Single pre-prompt with multiple prompts for classification task

I have a classification task. There is a list of labels with a short description of each. There are a few examples of classification. Then each individual task will be to classify ~100 strings following this prompt.

What is the best way to encode this? I’ve tried:

  1. Chat API, where for each of the ~100 strings, I give the prompt with examples, then ask to classify a single string. Very inefficient due to repeating the large prompt+examples for every string.

  2. Chat API, where a single ‘user’ message lists ~100 strings, then the assistant echoes back each string, plus the label. This sorta works, but it’s inefficient (strings much longer than labels), and the model sometimes hallucinates when echoing back the strings.

  3. Chat API, as above, but where the assistant outputs a list of 100 labels. This doesn’t work very well; the model gets confused about where it is in the task, i.e. which strings it’s labelling.
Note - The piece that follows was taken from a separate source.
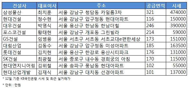 12일 포커스뉴스가 시공능력 상위 10개 건설사 사장 10명이 사는 주택을 분석한 결과, 평균 매매가격은 18억2550만원, 평균 공급면적은 180㎡(구 55평)으로 집계됐다.

Numbering the strings and labels helps a little, but not much.

  4. Chat API, where a single ‘user’ message lists one string, then the assistant echoes back its label, repeated ~100 times. Works, but just a worse version of solution 0, because I’m just paying for useless chat history that’s not used for the task.

What I want is an API where I provide a single pre-prompt, then N prompts, and get back N completions, where completion j is the completion following the pre-prompt plus prompt j.

Is this structure possible? Is there some other way? Should I be looking at the deprecated classification API, or fine-tuning?

This might just be me, but I’m not sure what you are asking for, are you asking to ask 100 questions and get 100 answers back in one prompt? or are you looking for the AI to decide if a piece of text is one of 100 defined things you give it?

The optimal text classification method, IMO, is 0. Using gpt 3.5 turbo should be an efficient way of doing this due to its low cost.

Generally speaking, the less tasks you give in a single prompt, the more likely it is to do a good job. You could try to increase the number of strings gradually (try 2, then 3, then 4 etc) in order to optimize efficiency : reliability.

Depending on your use-case, I would even run the query several times on the same string(s) in order to perform a majority / consensus classification task to increase the quality of your final classification.

I hope this helps.


Sharing my opinion very late on this; are your 100 classes group-able? If yes, I would suggest you to use grouping, sub-grouping, sub-sub-grouping… and then call llm multiple times to go down the decision tree of these group and end up with the actual class.
For example, Decide between Animal and Plant, in next step if Animal: decide between carnivore or herbivores… eventually classify between Whale or Shark. You may use more than 2 classes at each step to shorten the tree depth.
Use chatgpt to comeup with groups, and use those.
This will reduce your input size, as you may not need to provide all the examples, thereby reducing cost. It will however lead to more latency.